Brian Masse, député néo-démocrate
Craintes de jeu pathologique
Des experts consultés par La Presse expriment des craintes par rapport à l’avènement de cette nouvelle forme de paris sportifs. « La formule crée plus d’occasions de parier, dit Sylvia Kairouz, titulaire de la Chaire de recherche sur l’étude du jeu de l’Université Concordia. Les joueurs sont stimulés et sursollicités, sur n’importe quel événement à l’intérieur de la partie. En plus, ça donne faussement l’impression aux joueurs qu’ils ont un plus grand contrôle, qu’ils sont davantage dans un jeu d’habiletés que dans un jeu de hasard. »
« Ça va vite. Tu peux jouer à n’importe quelle heure du jour, et c’est instantané », commente Sylvain B., membre de Joueurs anonymes Québec, qui a tâté du jeu lors d’une rechute. L’homme dit avoir passé quelques heures à parier sur le tennis : « Il y avait 36 possibilités différentes de paris. J’avais un bon buzz. Tu as l’impression d’avoir un plus grand contrôle qu’avec des paris sportifs traditionnels », dit-il.
« La rapidité avec laquelle on est capable de développer la sensation de plaisir avec un jeu de hasard a un pouvoir addictif », explique le Dr Jean-Pierre Chiasson, directeur médical du centre de traitement des dépendances Nouveau Départ. Si vous avez des actions qui se déroulent plus vite, c’est encore plus incitatif pour le gambler. C’est un facteur de risque dépendogène qui facilite le plaisir immédiat. »
Aux yeux de Sylvia Kairouz, Loto-Québec se trouve devant un dilemme cornélien face à ce type de paris. « Si nous voulons que cette société d’État reste forte et offre du jeu en exclusivité aux Québécois, il faut qu’elle réfléchisse à la possibilité d’emboîter le pas. L’offre existe de toute façon, indépendamment de ce qu’elle fait. »
Il faut cependant être conscients qu’on rendrait alors l’offre de jeu beaucoup plus agressive et beaucoup plus rapide, et il y a des risques très réels associés à ça.

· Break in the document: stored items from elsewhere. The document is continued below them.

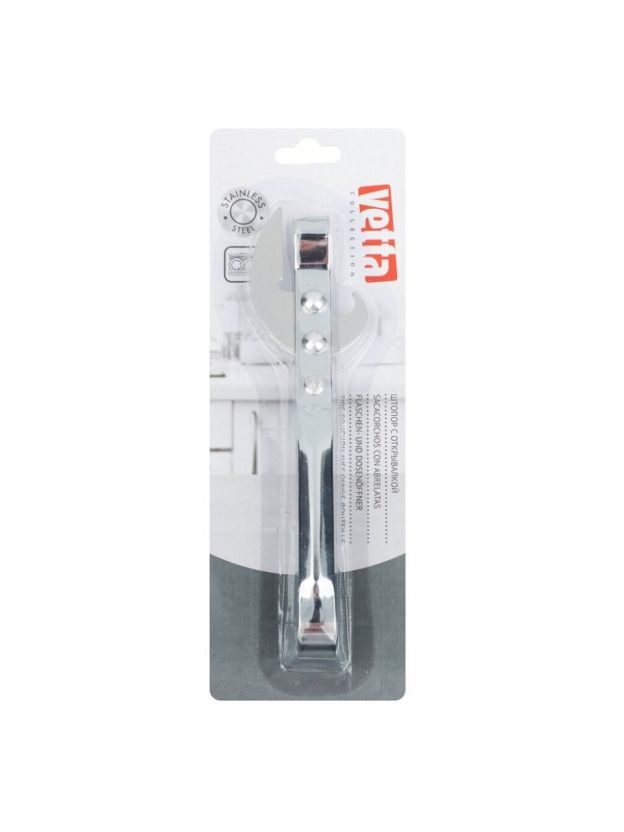 Штопор нержавеющая сталь, 17.9х6.4х2.8 см, с открывалкой для консервов, навеска, Vetta, 882-145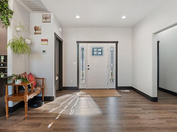 This stunning 3-bedroom, 2-bathroom custom home, built in 2022, offers modern luxury and comfort. Featuring an open layout with vaulted ceilings, recessed lighting, and a floor-to-ceiling stone propane fireplace, the living space is both inviting and bright with a wall of windows. The kitchen boasts stainless steel appliances, quartz countertops, gorgeous Huntwood cabinets, and a walk-in pantry. The spacious master en-suite includes a walk-in closet and a luxurious bathroom with double vanity sinks, a custom tile shower, and a deep soaking tub. Each bedroom is thoughtfully designed with built-in closet shelving. Enjoy outdoor living on the private covered deck or in the large backyard, perfect for BBQs and bonfires. The 3-car attached garage is fully insulated and heated, providing year-round comfort and practicality. Located minutes from town and close to mountains, rivers, and lakes, this home is ideal for outdoor enthusiasts seeking adventure and tranquility alike.
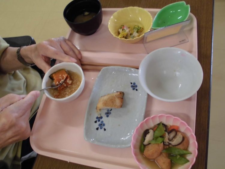 本日のメニューは、ご飯、味噌汁、メバルの南部焼き、一口がんもの煮物、櫻大根漬けでした。急にカメラを向けられ、少しビックリしています。その後全部食べました。食後ホットコーヒーを飲み昼食終了です。

Sylvia Kairouz, titulaire de la Chaire de recherche sur l’étude du jeu de l’Université Concordia
« Tu peux choisir à tout moment entre des milliers et des milliers d’événements sportifs qui se déroulent partout dans le monde », dit quant à lui Harland Redlick, un habitué de ces plateformes qui parie surtout sur le basketball. « Si tu connais bien le sport et que tu observes bien l’évolution d’une partie, tu peux choisir les bonnes occasions de paris, tu as un meilleur contrôle qu’en pariant sur une partie qui aura lieu dans trois jours, croit-il. C’est très convivial. »
« Mais c’est sûr que si tu es accro à l’action, tu peux parier constamment – 20, 30 ou 50 fois par partie. Les joueurs problématiques, ça va grimper, c’est sûr », ajoute M. Redlick, qui se décrit comme un « parieur profitable ».